Mumbai: Capital markets regulator Securities and Exchanges Board Of India (Sebi) on Thursday approved changes in takeover regulations to extend the time limit for upward revision of open offer price before the start of the tendering period.
According to the regulator, the amendments are aimed at simplifying the language, removing redundant provisions and inconsistencies and update references to Companies Act, 2013.
“It has been decided to grant additional time for upward revision of open offer price till one working day before the commencement of the tendering period,” Sebi said in a statement.
The Board of the regulator also approved revision of the buyback period of securities.
Under the new regulations, “the buyback period has been defined as the period between board of directors resolution/date of declaration of results for special resolution authorizing the buyback of shares and the date on which payment consideration is made to the shareholders,” the statement said.
Sebi also approved the Issue of Capital and Disclosure Requirements Regulations (ICDR Regulations) 2018 in the meeting on Thursday.
The changes in the ICDR Regulations includes the reduction of the time to announce the price band of an IPO to two days from the earlier five-day limit.
Also, companies would have to make financial disclosures for three years as against the norm of five years currently, it said.
The regulator has also made changes to the threshold for submission of draft letter of offer to Sebi for rights issues.
“Threshold for submission of draft letter of offer to Sebi in case of rights issues to be increased to Rs 10 crore as against the earlier prescribed Rs 50 lakhs,” as per the statement.
Besides, the shareholding of foreign holding will be harmonised to 15 per cent in the Market Infrastructure Institutions (MIIs), Chairman Ajay Tyagi said.
“Eligible domestic and foreign entities, may be permitted to hold up to 15 per cent shareholding in case of Depository and Clearing Corporation, as is the case for Stock Exchanges; Additionally, multilateral and bilateral financial institutions, as notified by the government, have also been recommended to hold up to 15 per cent in an MII,” the statement said.
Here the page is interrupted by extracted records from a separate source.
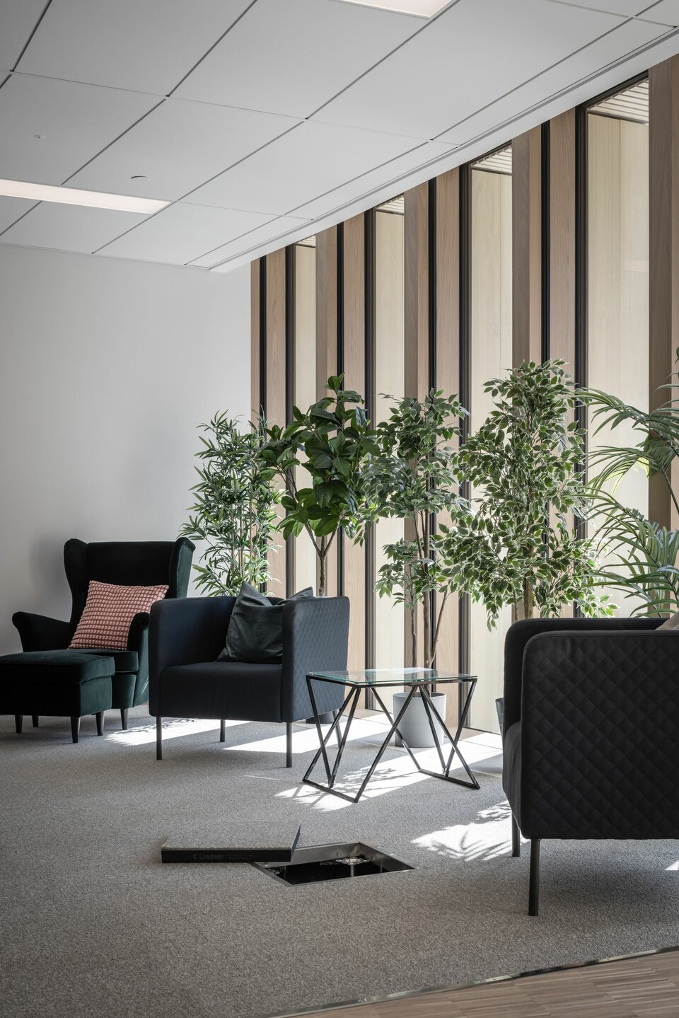 With two product solutions, the Lindner Group contributed to the successful realisation of this project: The NORTEC raised floor system stands out for its excellent sound insulation and high walking comfort, making it ideal for the diverse demands of Forskaren's scientific and public spaces. Additionally, the non-combustible calcium sulphate panels meet the highest ecological standards.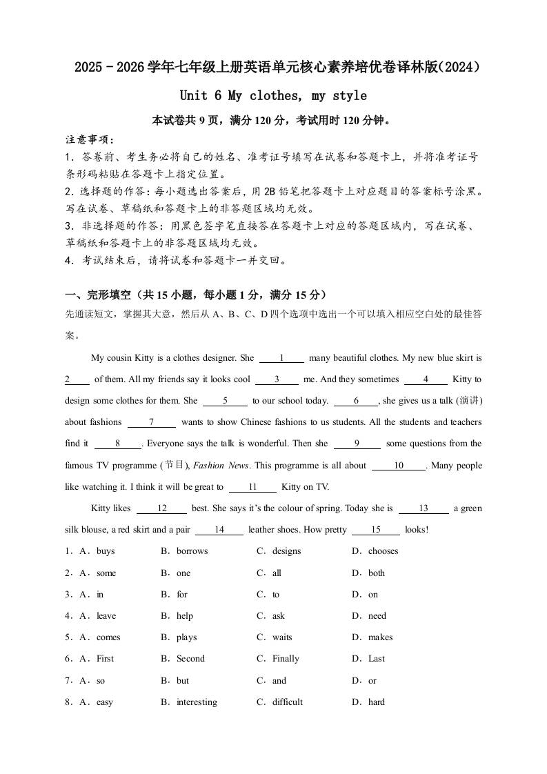 (单元培优卷)Unit 6 My clothes, my style 单元核心素养培优卷(含答案解析)-2025 - 2026学年七年级上册英语译林版(2024)
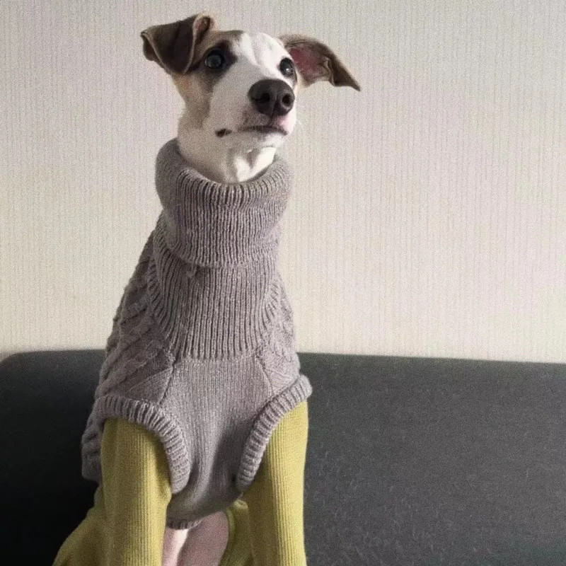 Chaleco tejido suave de invierno para cachorros, suéter de cuello alto para mascotas, chaleco tipo suéter para perros grandes Whippet Grayhound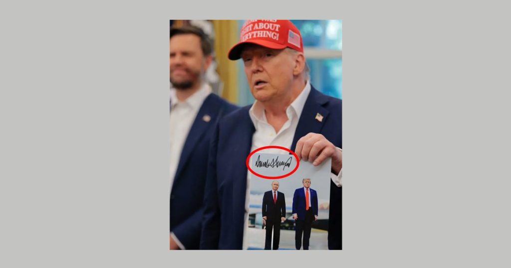 На снимке запечатлены Дональд Трамп и Владимир Путин во время их встречи в Анкоридже. По словам продавца, это то самое фото, подписанное американским лидером, который он показывал в Белом доме спустя неделю после саммита.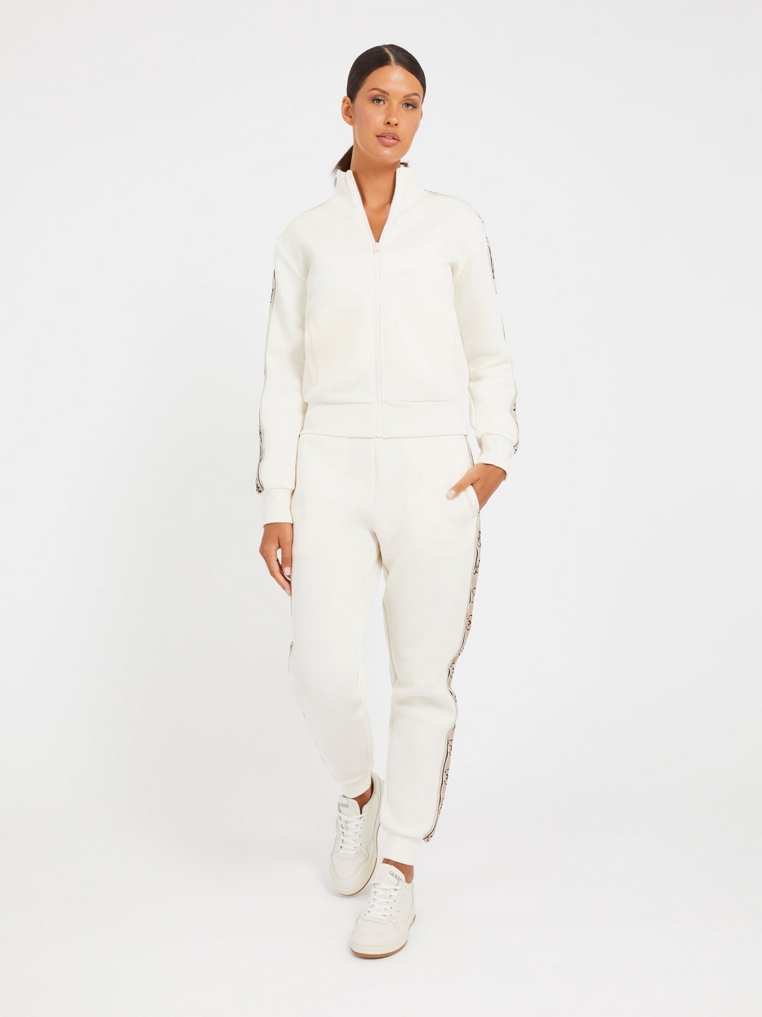 Guess Women's White Polycotton Solid Regular Fit Joggers

In this connection, Tyagi said that Sebi has not accepted the recommendations of the committee headed by former Reserve Bank of India Deputy Governor R. Gandhi on the review of regulations and relevant circulars pertaining to MIIs.
“We will have enhanced monitoring and supervision of such intermediaries and we will come out with required circulars,” he said.
“Concept of ‘sponsor’ has been removed in case of depository, with existing sponsor entities being allowed up to five years to reduce their respective shareholding. They can hold upto 15 per cent,” the statement added.
Another change introduced was the decision to discontinue with the category of “Sub-Brokers as Market Intermediaries”.
“No fresh registration shall be granted as Sub-Brokers. Registered Sub-Brokers shall migrate to Authorised Persons or Trading Members as the case may be and Sub-Brokers, who do not choose to migrate, shall be deemed to have surrendered their registration as Sub-Broker,” said the statement.
Talking about the National Stock Exchange (NSE) co-location scam of last year, the Chairman said action had been initiated against persons involved in the case, which will be made public in a few days.